• _WHAT IS NEEDED_: Please repeat, exactly and without pictures, the lines of the entries below that run from the one containing "Пижама с длинным" through the one containing "Reloj de pared".

• _LISTED RECORDS_:
------
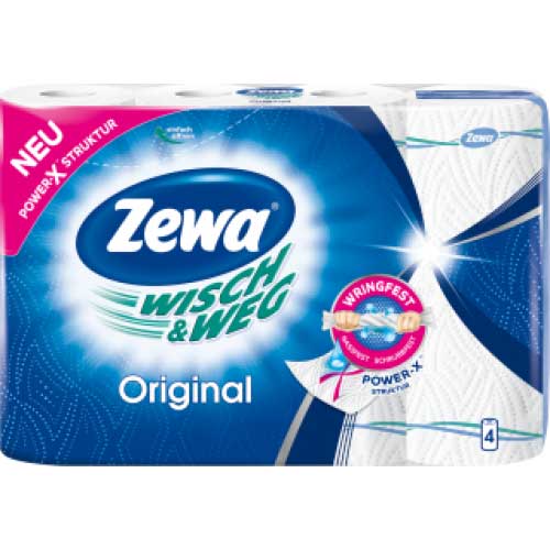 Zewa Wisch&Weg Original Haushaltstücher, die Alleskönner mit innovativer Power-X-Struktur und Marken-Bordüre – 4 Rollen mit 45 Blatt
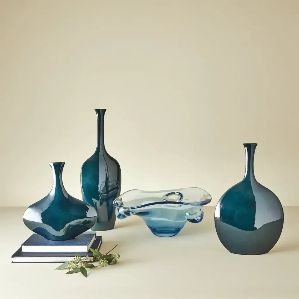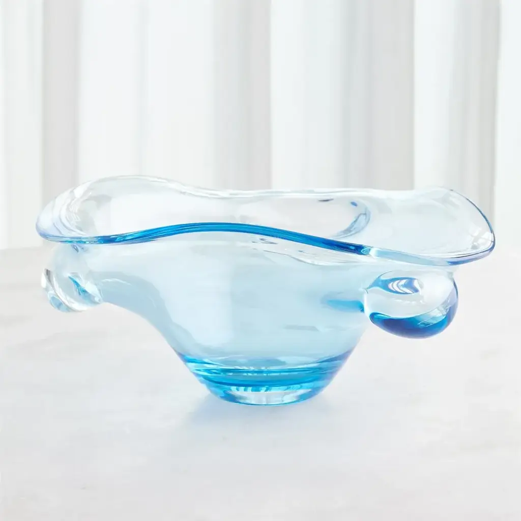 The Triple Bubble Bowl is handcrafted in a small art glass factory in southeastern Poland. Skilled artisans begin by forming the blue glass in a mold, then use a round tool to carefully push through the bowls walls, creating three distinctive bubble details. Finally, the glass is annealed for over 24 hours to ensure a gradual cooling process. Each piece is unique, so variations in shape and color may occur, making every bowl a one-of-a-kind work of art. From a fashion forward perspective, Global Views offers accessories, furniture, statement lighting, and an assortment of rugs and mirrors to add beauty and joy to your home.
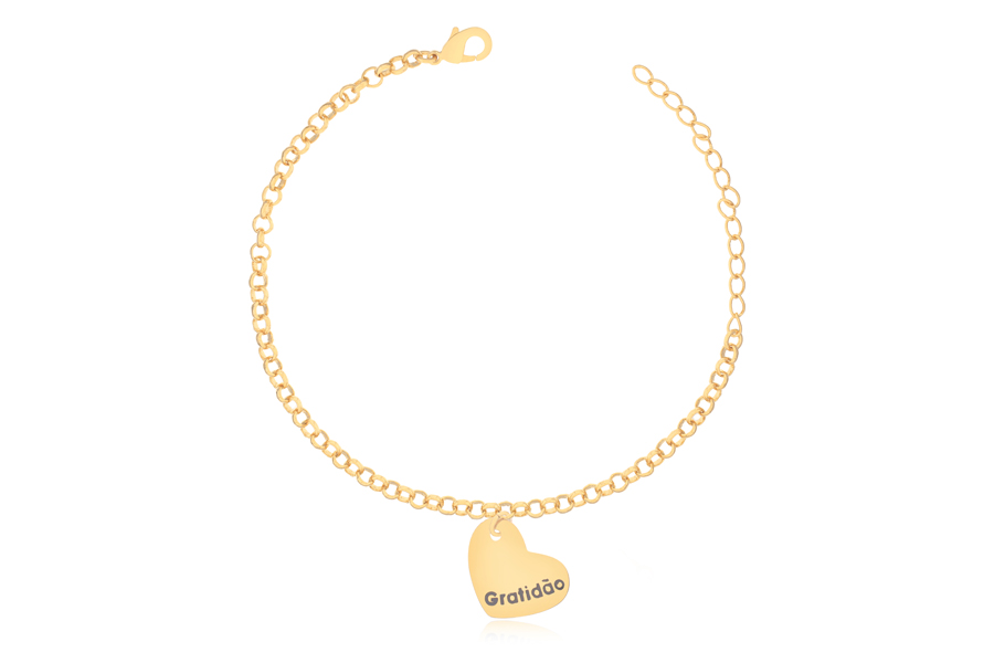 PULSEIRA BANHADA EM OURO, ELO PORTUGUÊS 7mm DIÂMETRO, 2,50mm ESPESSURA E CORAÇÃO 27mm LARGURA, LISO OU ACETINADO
------
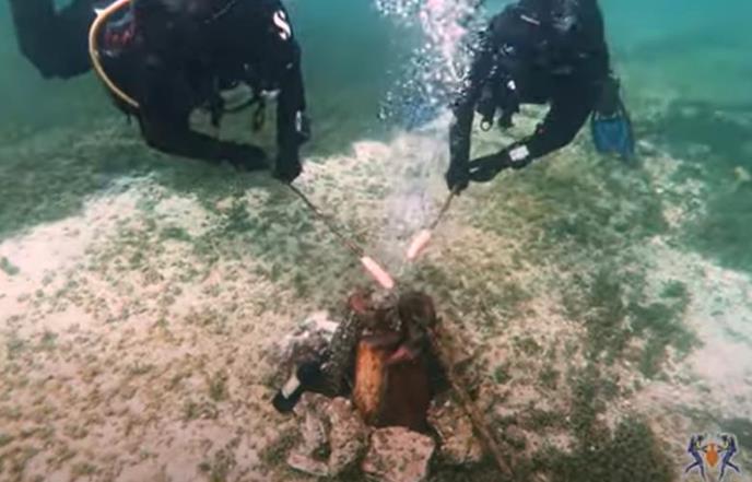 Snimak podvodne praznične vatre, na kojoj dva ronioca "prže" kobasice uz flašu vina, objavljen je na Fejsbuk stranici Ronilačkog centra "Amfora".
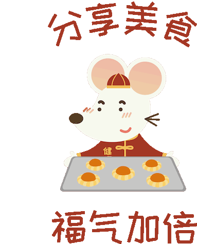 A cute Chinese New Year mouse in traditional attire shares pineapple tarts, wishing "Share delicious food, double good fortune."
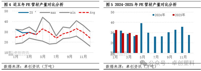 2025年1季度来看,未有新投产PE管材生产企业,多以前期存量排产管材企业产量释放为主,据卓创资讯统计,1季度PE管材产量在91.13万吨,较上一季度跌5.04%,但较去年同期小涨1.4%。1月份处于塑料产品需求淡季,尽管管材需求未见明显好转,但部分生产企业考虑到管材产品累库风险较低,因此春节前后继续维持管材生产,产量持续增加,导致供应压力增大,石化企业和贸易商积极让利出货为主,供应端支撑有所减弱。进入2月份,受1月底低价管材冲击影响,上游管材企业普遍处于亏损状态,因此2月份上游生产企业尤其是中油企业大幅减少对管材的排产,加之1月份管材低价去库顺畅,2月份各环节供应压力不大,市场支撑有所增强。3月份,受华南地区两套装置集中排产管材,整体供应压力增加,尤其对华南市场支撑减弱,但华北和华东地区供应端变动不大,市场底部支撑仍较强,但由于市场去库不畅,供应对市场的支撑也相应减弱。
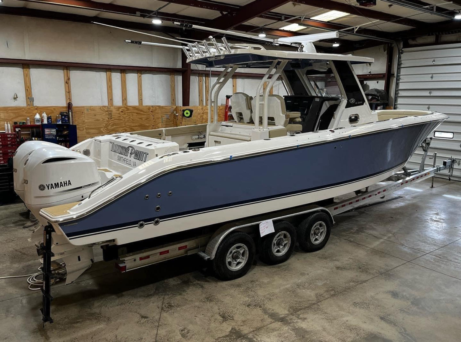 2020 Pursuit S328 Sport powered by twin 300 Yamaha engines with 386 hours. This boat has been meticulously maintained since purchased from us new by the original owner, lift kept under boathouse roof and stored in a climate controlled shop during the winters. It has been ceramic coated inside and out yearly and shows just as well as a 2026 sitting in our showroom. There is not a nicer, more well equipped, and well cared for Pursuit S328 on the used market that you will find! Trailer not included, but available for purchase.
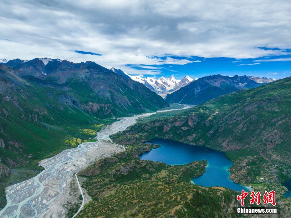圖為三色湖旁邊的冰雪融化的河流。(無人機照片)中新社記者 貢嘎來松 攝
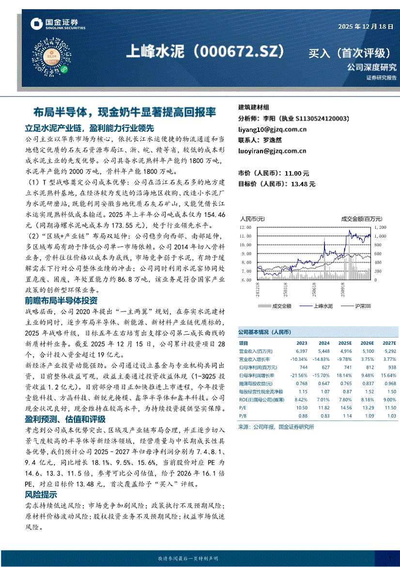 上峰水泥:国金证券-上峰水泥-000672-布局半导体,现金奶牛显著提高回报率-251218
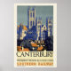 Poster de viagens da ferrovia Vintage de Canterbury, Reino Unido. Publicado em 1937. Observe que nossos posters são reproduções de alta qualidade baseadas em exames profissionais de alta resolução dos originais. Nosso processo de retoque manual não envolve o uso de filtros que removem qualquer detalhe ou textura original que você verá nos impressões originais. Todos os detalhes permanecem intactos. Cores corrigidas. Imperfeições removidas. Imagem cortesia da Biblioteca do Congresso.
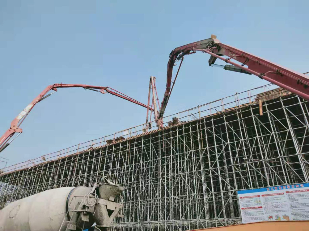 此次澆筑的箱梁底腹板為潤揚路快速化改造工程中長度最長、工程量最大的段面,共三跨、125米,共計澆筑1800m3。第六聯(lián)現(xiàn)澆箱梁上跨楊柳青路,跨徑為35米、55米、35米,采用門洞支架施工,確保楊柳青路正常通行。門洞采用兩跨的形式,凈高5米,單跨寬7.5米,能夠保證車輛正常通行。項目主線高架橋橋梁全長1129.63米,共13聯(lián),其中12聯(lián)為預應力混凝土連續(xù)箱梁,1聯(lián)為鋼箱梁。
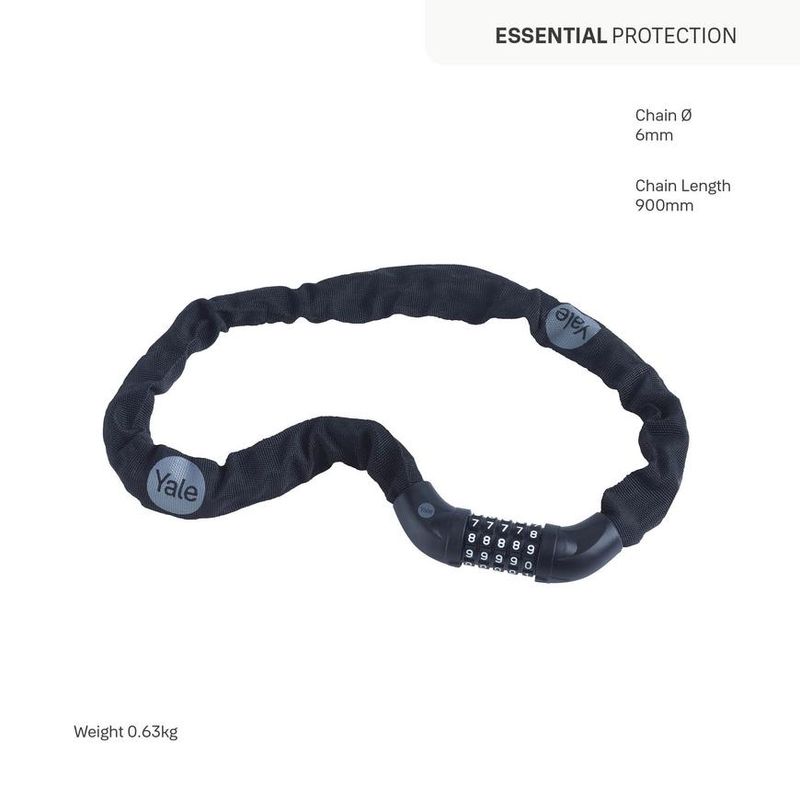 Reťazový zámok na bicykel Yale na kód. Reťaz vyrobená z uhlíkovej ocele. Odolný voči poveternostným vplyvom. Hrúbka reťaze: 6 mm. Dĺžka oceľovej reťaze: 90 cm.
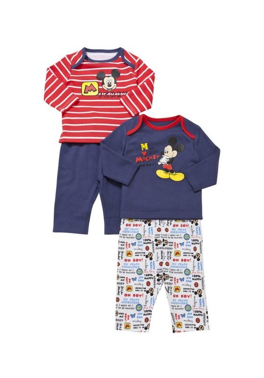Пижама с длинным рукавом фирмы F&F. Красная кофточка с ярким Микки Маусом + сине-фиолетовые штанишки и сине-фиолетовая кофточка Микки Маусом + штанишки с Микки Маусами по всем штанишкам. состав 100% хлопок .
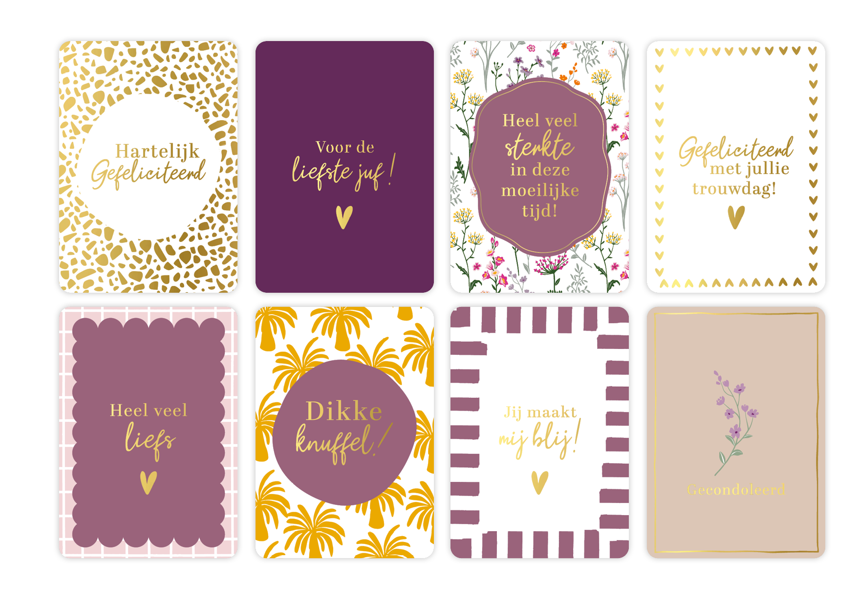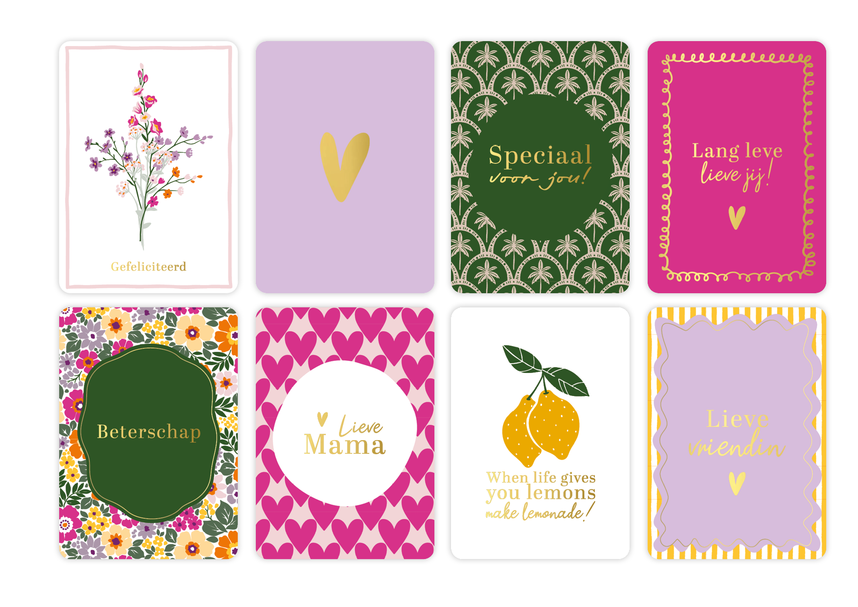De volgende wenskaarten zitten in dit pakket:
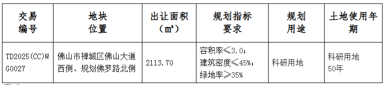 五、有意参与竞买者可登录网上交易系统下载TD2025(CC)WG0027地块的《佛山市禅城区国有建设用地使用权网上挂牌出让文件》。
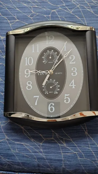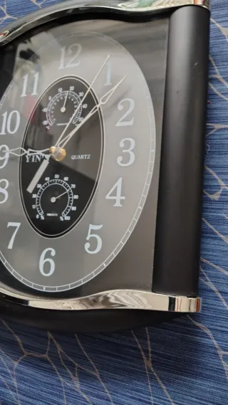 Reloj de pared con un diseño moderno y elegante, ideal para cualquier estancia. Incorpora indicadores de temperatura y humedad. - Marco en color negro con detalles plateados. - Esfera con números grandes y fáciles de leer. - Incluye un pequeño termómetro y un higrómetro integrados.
------
• _ANSWER TO THIS PROBLEM_:
Пижама с длинным рукавом фирмы F&F. Красная кофточка с ярким Микки Маусом + сине-фиолетовые штанишки и сине-фиолетовая кофточка Микки Маусом + штанишки с Микки Маусами по всем штанишкам. состав 100% хлопок .
De volgende wenskaarten zitten in dit pakket:
 五、有意参与竞买者可登录网上交易系统下载TD2025(CC)WG0027地块的《佛山市禅城区国有建设用地使用权网上挂牌出让文件》。
 Reloj de pared con un diseño moderno y elegante, ideal para cualquier estancia. Incorpora indicadores de temperatura y humedad. - Marco en color negro con detalles plateados. - Esfera con números grandes y fáciles de leer. - Incluye un pequeño termómetro y un higrómetro integrados.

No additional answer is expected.